Data redundancy is a condition created within a database or data storage technology in which the same piece of data is held in two separate places. This can mean two different fields within a single database, or two different spots in multiple software environments or platforms. Whenever data is repeated, this basically constitutes data redundancy. This can occur by accident, but is also done deliberately for backup and recovery purposes.

Pros of a Normalized Database

Updates run quickly due to no data being duplicated in multiple locations.

Also, Inserts run quickly since there is only a single insertion point for a piece of data and no duplication is required.

Cons of a Normalized Database

Since data is not duplicated, table joins are required. This makes quires more complicated, and thus read times are slower.

And, since joins are required, indexing does not work as efficiently.

Again, this makes readtimes slower because the joins don’t typically work well with indexing.

In database design, a normalized database helps remove redundant data.

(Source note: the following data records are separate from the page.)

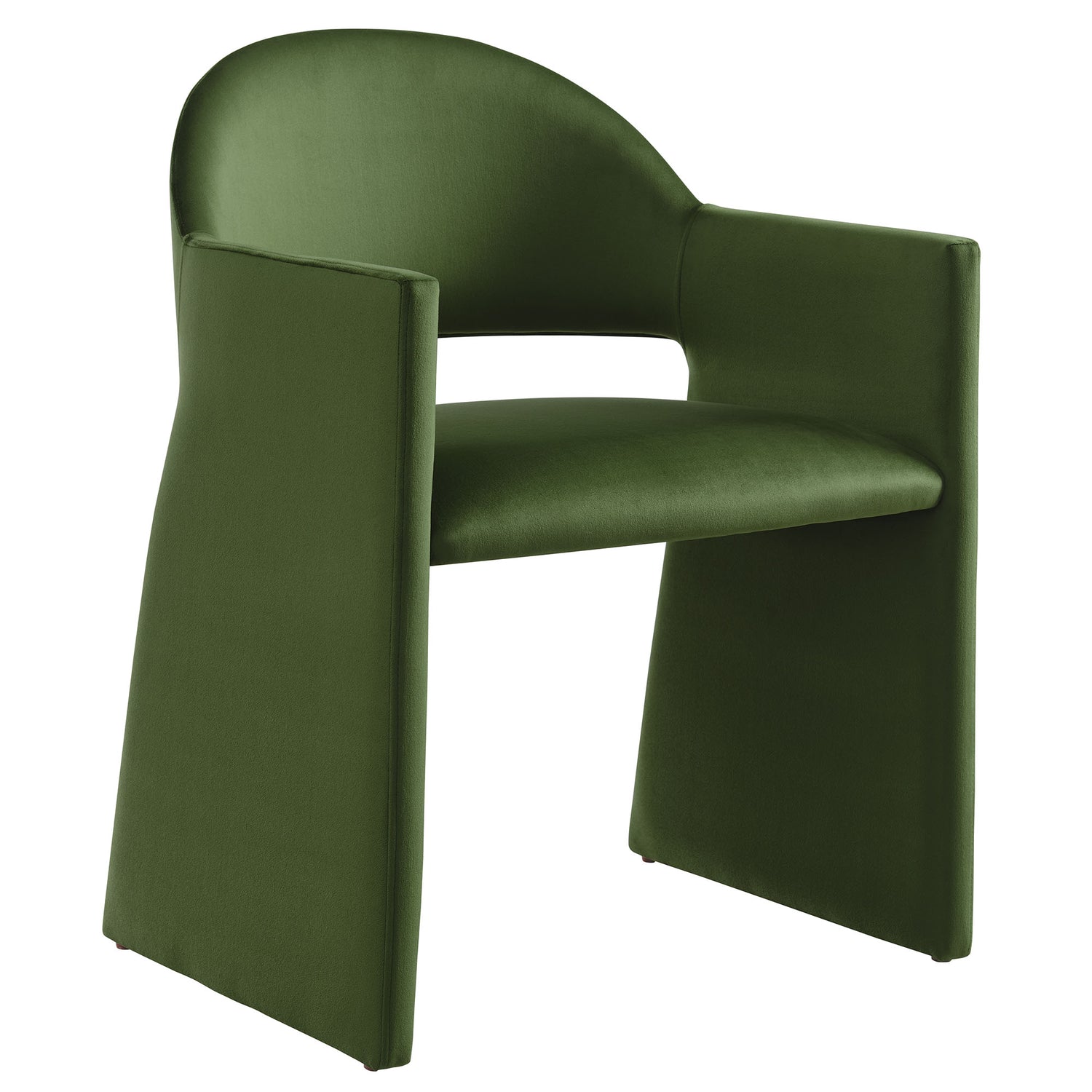 The Talia Performance Velvet Dining Chair is a stunning example of modern design, blending clean lines with luxurious comfort. Whether as a stylish living room accent chair, a statement piece in the dining area, or even a chic office accent chair, the Talia Barrel Back Dining Chair offers both timeless style and versatility. Built on a sturdy bentwood frame, this dining chair with arms is fully upholstered in soft, stain-resistant performance velvet for a premium feel. Its elegantly curved backrest flows seamlessly into wide, angular armrests that extend down to the floor, creating a sculptural look that's perfect for minimalist and contemporary spaces. The open-back design of this curved dining chair provides a light and airy feel, while the generously padded seat ensures lasting comfort. Completing the design, floor-protecting foot pins are included to prevent scratches, making it easy to move and enjoy without worry. The Talia Velvet Armchair arrives fully assembled, ready to elevate your space. Weight Capacity: 300 lbs.
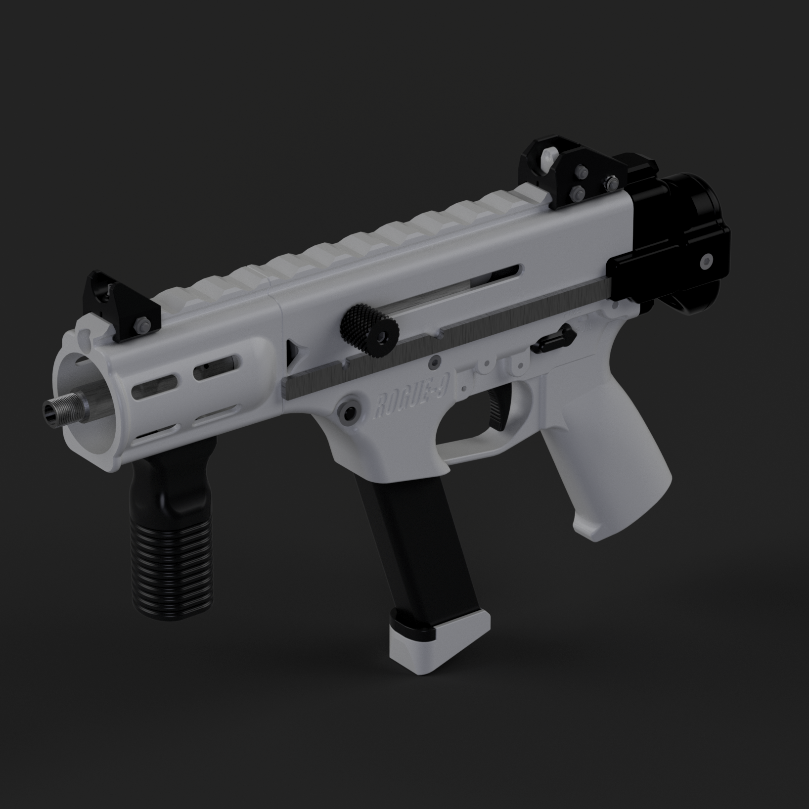 Our Rogue-9 hardware kit contains everything you need to build the main body and magazine for the Rogue-9, including all parts required for the stock, recoil system, printed sights, upper and lower.
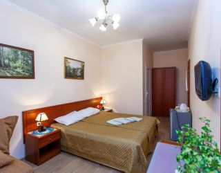 - Двуспальная или две односпальные кровати (спринг-бокс), диван-кровать, шкаф, туалетный столик с зеркалом, прикроватные тумбочки, пуфик, электрочайник.
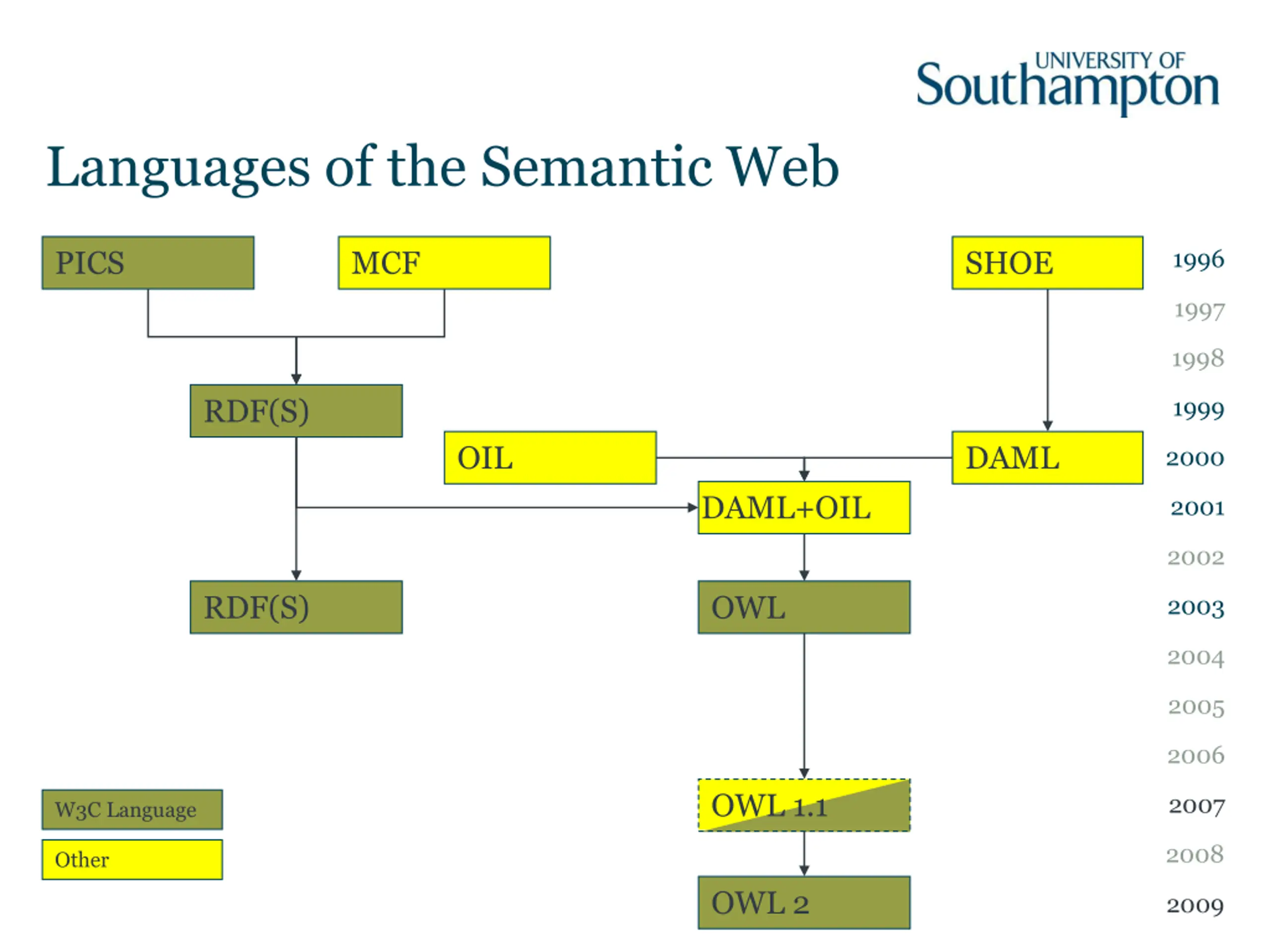 Languages of the Semantic Web 1996 PICS MCF SHOE 1997 1998 RDF(S) 1999 OIL DAML 2000 DAML+OIL 2001 2002 RDF(S) OWL 2003 2004 2005 2006 OWL 1.1 2007 W3C Language 2008 Other OWL 2 2009

This saves storage space and, more importantly, various data anomalies, such as an insert problem, delete problem, and so forth. However, normalizing a database can create problems. The data retrieval becomes complex and time-consuming. For this reason, a little bit of data redundancy is often desirable and allowable. It makes the data reporting easier. Generally, OLTP (transaction database) has a normalized design and the reporting database, such as a data warehouse, has a highly denormalized design.